_EXERCISE DATA:_
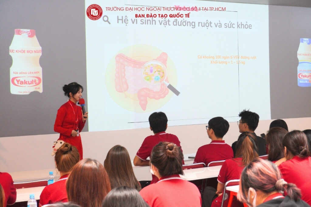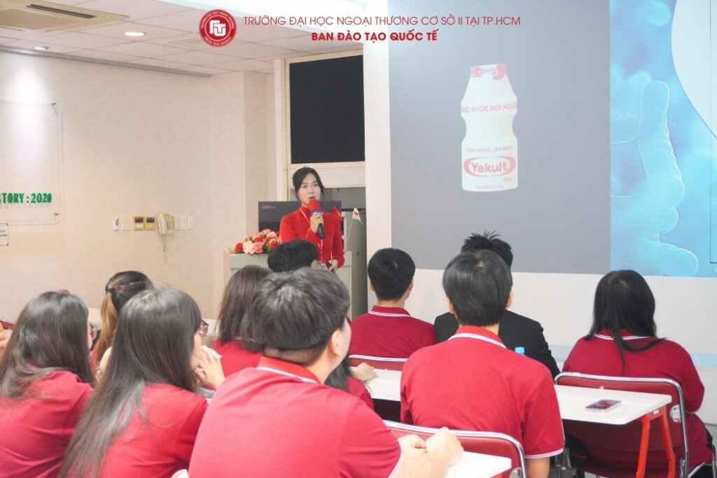Bên cạnh trải nghiệm trực quan, đoàn sinh viên còn lắng nghe phần chia sẻ từ đội ngũ chuyên gia Yakult xoay quanh chiến lược phát triển thương hiệu, mô hình vận hành bền vững và cách doanh nghiệp đã xây dựng niềm tin với khách hàng Việt Nam trong nhiều năm qua. Đây là cơ hội để sinh viên kết nối kiến thức chuyên ngành với thực tiễn, đặc biệt trong bối cảnh ngành FMCG ngày càng cạnh tranh khốc liệt.
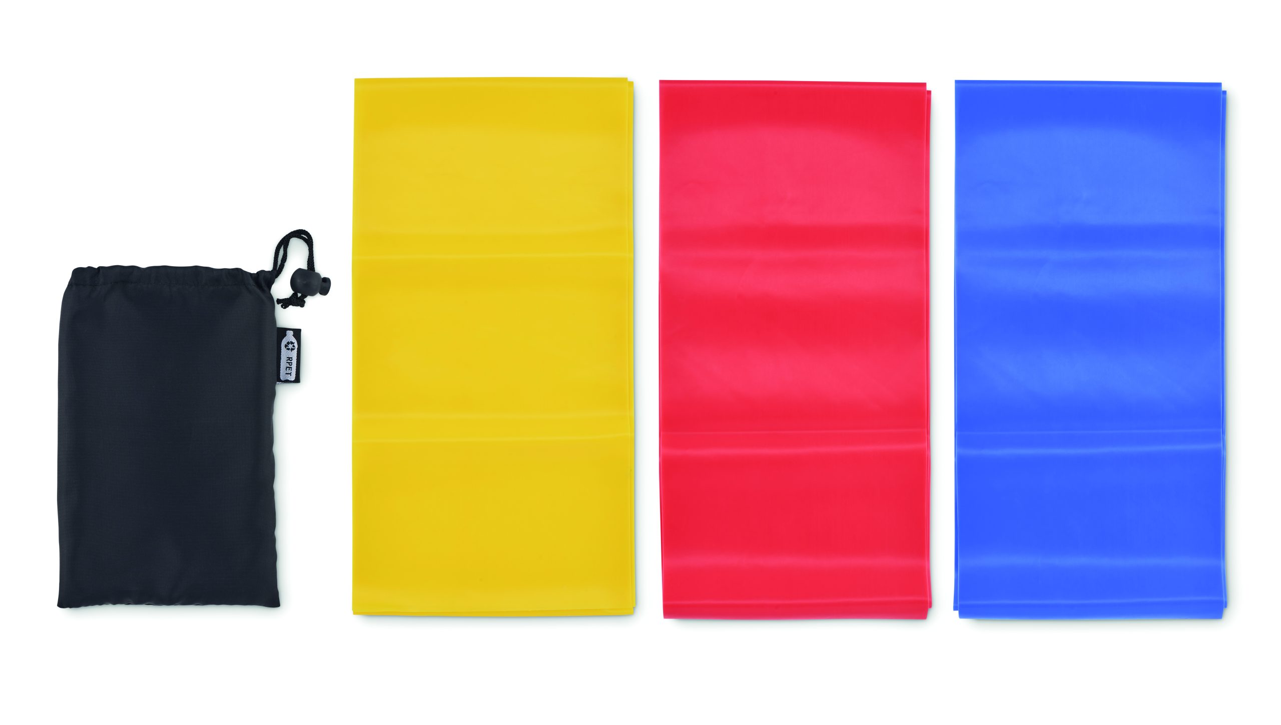 Set of 3 TPE fitness bands in RPET polyester pouch. Fitness bands all have a different strength for optimal training.
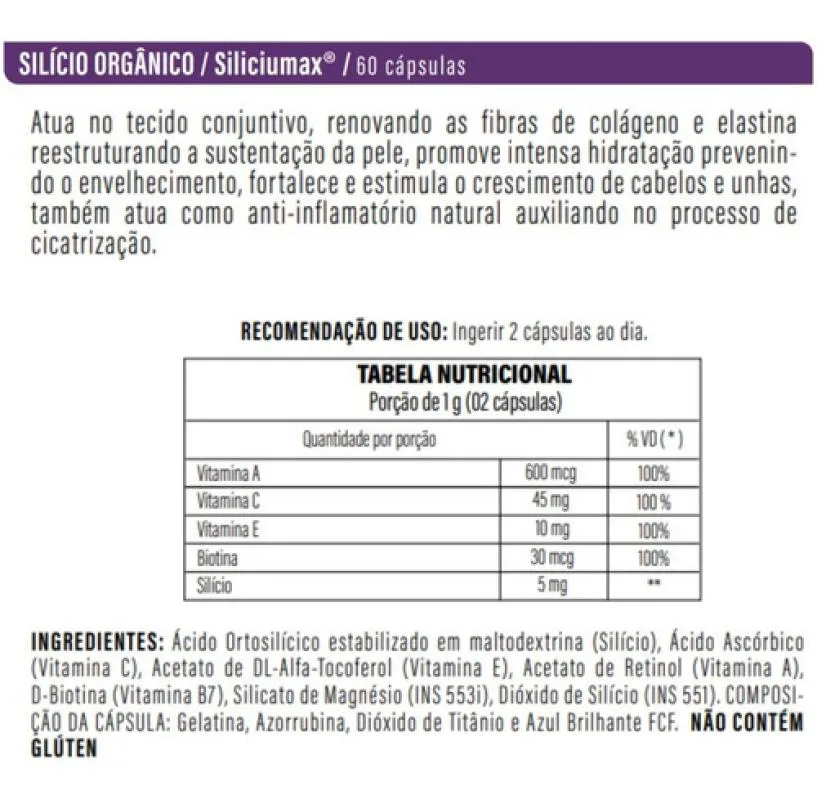 - Suplementação prática e eficiente de silício e vitaminas essenciais.

_WORK ITEM:_
Leave out all pictures, then copy the remaining material exactly.

_EXPECTED ANSWER:_
Bên cạnh trải nghiệm trực quan, đoàn sinh viên còn lắng nghe phần chia sẻ từ đội ngũ chuyên gia Yakult xoay quanh chiến lược phát triển thương hiệu, mô hình vận hành bền vững và cách doanh nghiệp đã xây dựng niềm tin với khách hàng Việt Nam trong nhiều năm qua. Đây là cơ hội để sinh viên kết nối kiến thức chuyên ngành với thực tiễn, đặc biệt trong bối cảnh ngành FMCG ngày càng cạnh tranh khốc liệt.
 Set of 3 TPE fitness bands in RPET polyester pouch. Fitness bands all have a different strength for optimal training.
 - Suplementação prática e eficiente de silício e vitaminas essenciais.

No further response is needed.